- Born: 4 February 1608 Chorley, Lancashire, Kingdom of England
- Died: 6 March 1651 (aged 43) Eleuthera, British Bahamas
- Cause of death: Starvation
- Occupations: Servant, settler, farmer
- Known for: Mayflower passenger
- Spouse(s): Elizabeth Newman Mary Latham
- Children: at least 1

= William Latham (pilgrim) =

William Latham (1608–1651) was a Mayflower passenger who traveled to North America as a young man servant and later became a settler in Plymouth Colony. He is known mostly for his survival of the first winter and his participation in early colonial life, though he later perished in an ill-fated colony attempt in the Bahamas, led by William Sayle.

==Early life & Family==
William Latham was born in 1608 to William 'Hugh' Latham and Eline Saunders. Not much is known about his early life other than he became a man servant to John Carver at age 11. He had two known wives, Elizabeth, and Mary. William Latham had at least one son, Robert Latham, who was born in England.

==Voyage on the Mayflower==
In 1620, Latham traveled on the Mayflower as an 11-year-old man servant to John Carver, a Pilgrim leader that helped found Plymouth Colony.

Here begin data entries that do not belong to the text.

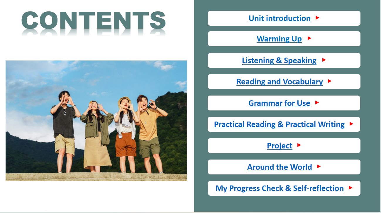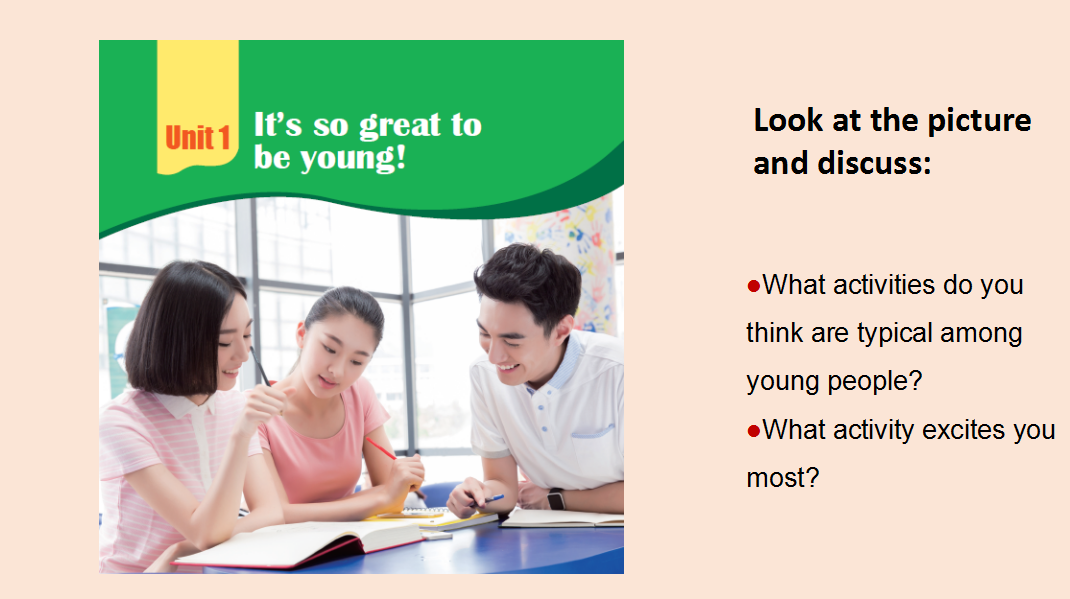 It's so great to be young! Playing sports with friends, dancing at music festivals, or exploring new places, youthful energy fuels countless activities. Being young is like going on an amazing journey and having a lot of fun. But what truly expresses the spirit of youth? It is about pursuing interests, showing creativity, being curious to explore the unknown, and making the world a better place. As we enjoy our youth, lets take every chance to live life to the fulleset! Now, let's move on to "Unit 1 It's so great to be young!”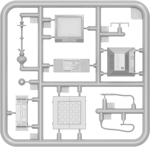 Miniart - 1/35 Street furniture with electronics & umbrella highly detailed plastic model kit. kit contains models of: TV, Radio, Hookah, Backgammon, Wooden Table, Kettles, Tray, Clay Decanter, Cups, Street Umbrella, Plastic Chairs and Tables.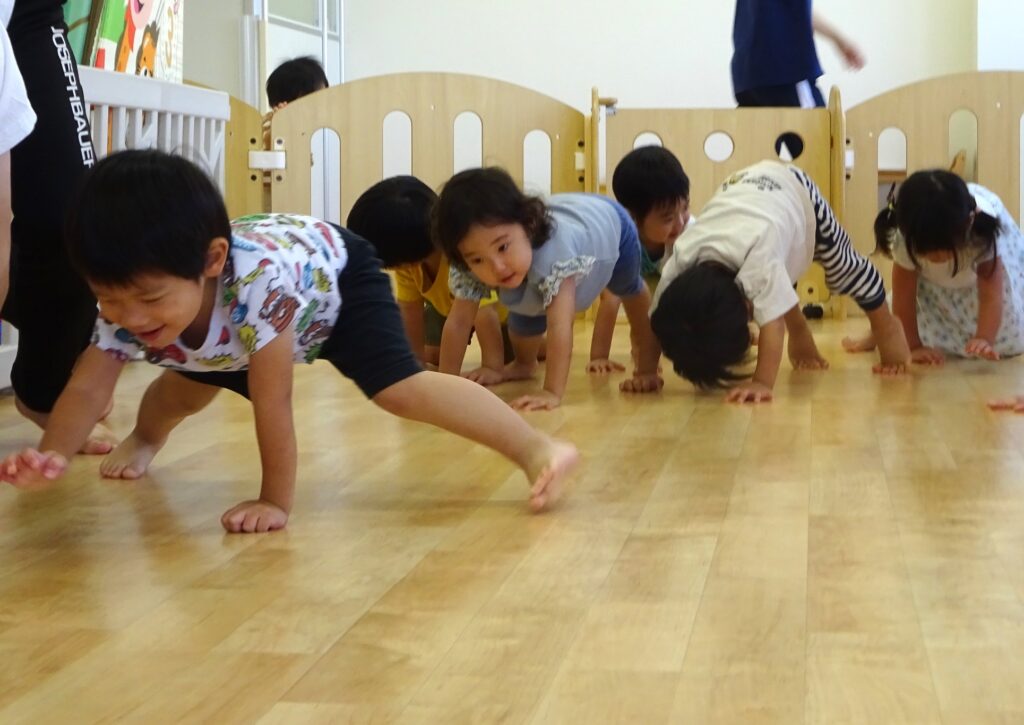 くまさん歩きは、膝とお尻を上げて進むのがとっても大変!!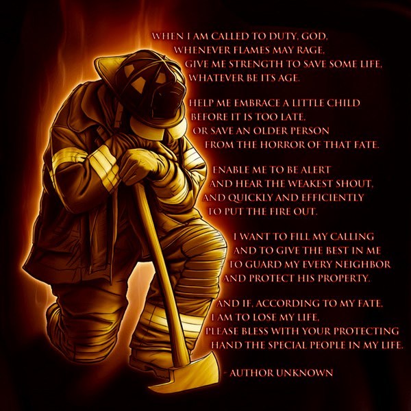 Fire Fighters Prayer – When I am Called to Duty, God. Whenever flames may rage, Give me strength to save some life, Whatever be its age … Click to finish reading the rest of the fire fighters prayer. #FireFighters #FireFightersPrayer Firefighters Prayer — Courageous Christian Father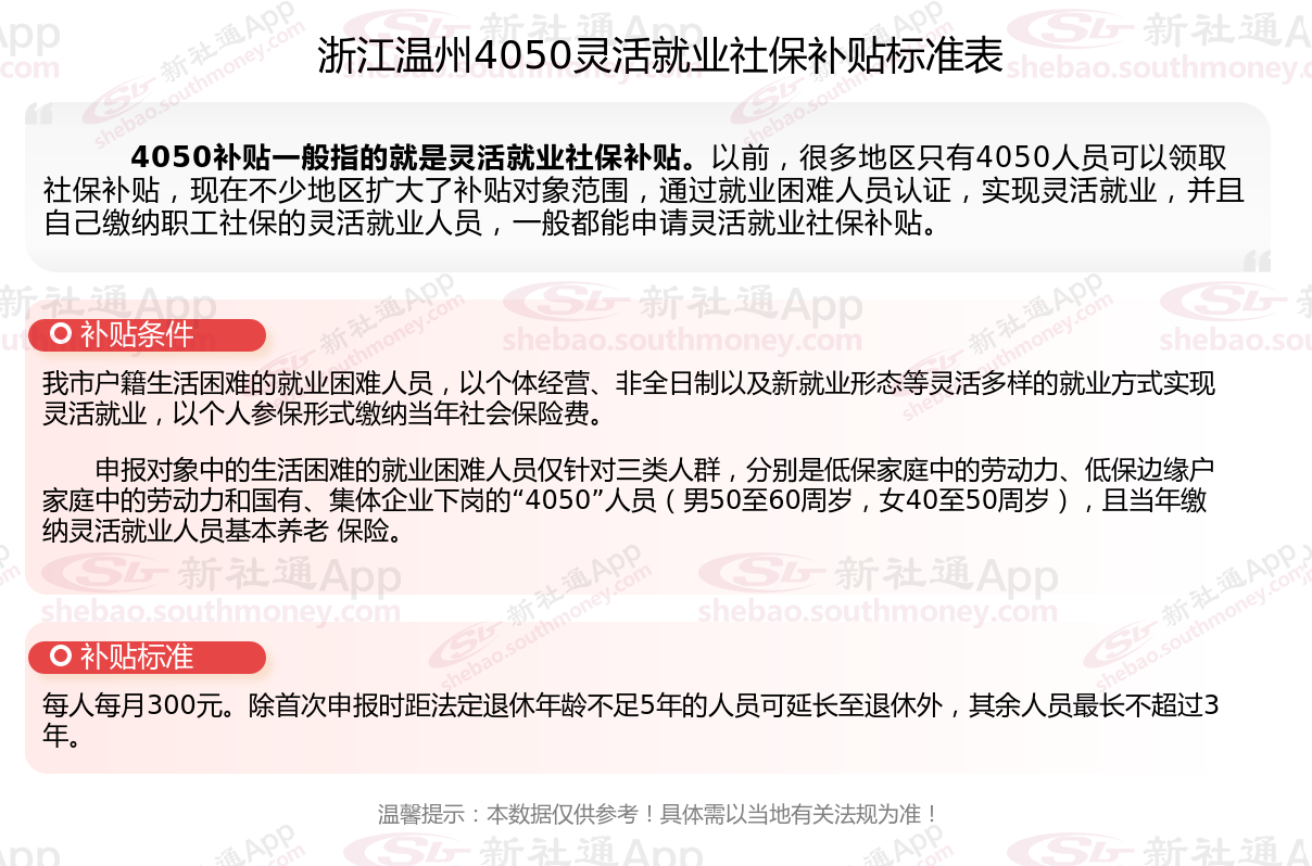 以上就是浙江温州4050灵活就业社保补贴的相关内容,欢迎关注新社通/下载新社通APP了解更多五险一金专业资讯。

He is listed on the passenger manifest as part of Carver's household.

==Life in Plymouth Colony==
After the death of John Carver in April 1621, Latham completed his service under William Bradford. He appears in early Plymouth records, including the 1627 Division of Cattle, indicating his continued residence there and his participation in the colony. During the 1630s, Latham was taxed at the lowest rate available, held some land, and engaged in local economic activities such as property transactions and farming.
Latham apparently returned to England after his house burned down, and then shortly thereafter made a trip to the Bahamas.

==Later years and death==
Around 1645, Latham left Plymouth Colony and joined an expedition during the English Civil War to settle on Eleuthera, in the Bahamas. The settlement failed, and Latham is believed to have died in 1651, likely from starvation after the loss of supplies.